He told her he’d wanted to burn the whole forest down while his last competitor from Seven succumbed to the fungi. That he would have, if he’d had the means on him to do so.

Caduceus’s win had never sat properly with the Capitol, and for years after Yasha prayed to the Stormlord that he wouldn’t be punished for surviving. Colton was too old the next year, but Calliope and Clarabelle still had a chance of being reaped. They no longer needed to put in for tesserae since Caduceus could keep them fed, but they still had to enter the mandatory number of times. Calliope only had to make it one more year, but Clarabelle had only been thirteen when Caduceus was reaped. She put on a brave face every year, but it didn’t always stand up to inspection

Last year, when she was seventeen and her name was in six times, Clarabelle had wept the entire day before out of pure fear. Both Caduceus and Yasha spent the night with her, his hair gray and hers black contrasting the pinkish rainbow that splayed out between them that belonged to Clarabelle.

“I don’t understand.” She’d managed between tears. “It’s not even the last time, I don’t know why I’m so frightened.”

Yasha didn’t know what to say other than run her fingers through the girl’s hair and weave small braids in her mane. It had been Caduceus, usurpingly, with the right words.

“You know, Belle.” He’d said as he propped himself up on an elbow and pressed a kiss to where a tear was bubbled on his sister’s cheek. “I didn’t cry the entire time I was in the Capitol. I couldn’t make myself, I felt like I should, if out of rage if nothing else. It wasn’t until after, before that big fancy banquet dinner that I even felt afraid. Our emotions aren't logical, and that's more than fine. You feel how you feel because that's how it is. Don't ever feel ashamed for that."

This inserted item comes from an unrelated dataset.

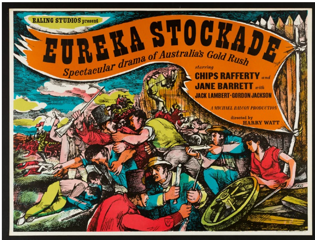
John Minton Eureka Stockade (1949), 1948 Illustration [poster] Courtesy of STUDIOCANAL

image p. 73: WEP Raffaello Carboni Sunnybrook Press The Eureka Stockade 1942 (detail) hardcover bound with linen and printed paper, illustrated text 28.9 x 21.0 x 3.1 cm Purchased, 1994 Collection of the Art Gallery of Ballarat

It was good advice. Yasha wished Caduceus could take his own sometimes, because it sounds nowhere near as soothing coming out of her.

 

---

 

She spends that night in their suite, curled up on Caduceus’s side and arm thrown over to be a steadying presence. They both rouse early, before the sun comes out. In silence they eat, dress, and walk back to the training center.

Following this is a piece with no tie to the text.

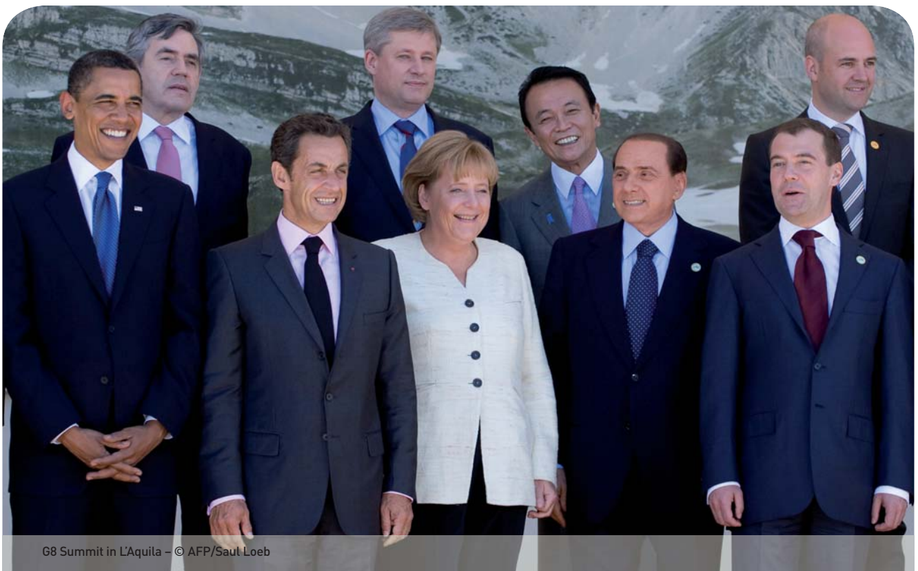
G8 Summit in L'Aquila

This document does not aim to be exhaustive, but, as a complement to the G8 report, presents several significant examples of France's specific contributions to this collective effort. It bears witness to a renewed willingness to engage in dialogue with all stakeholders, who see even more effective and transparent development assistance, combined with international cooperation adapted to the realities of the 21st century, as meaningful responses to the challenges raised by globalization.

At least she knows Misti hasn’t been killed in the night, or one of their mentors would have been waiting for them at the apartments. A ragged Beauregard is in Yasha’s chair and passes the headset over with a tired but relieved look. Yasha slides in the chair, rubs her eyes, and dedicates herself to her little half-elf girl.

In the background, she’s vaguely aware of Caduceus insisting he’ll walk Beau to the apartments, and her brushing him off, before Caleb interjects and insists that she take him up on his offer. When Beau can spare a glace, she sees that his screen has gone black as the one on her immediate left.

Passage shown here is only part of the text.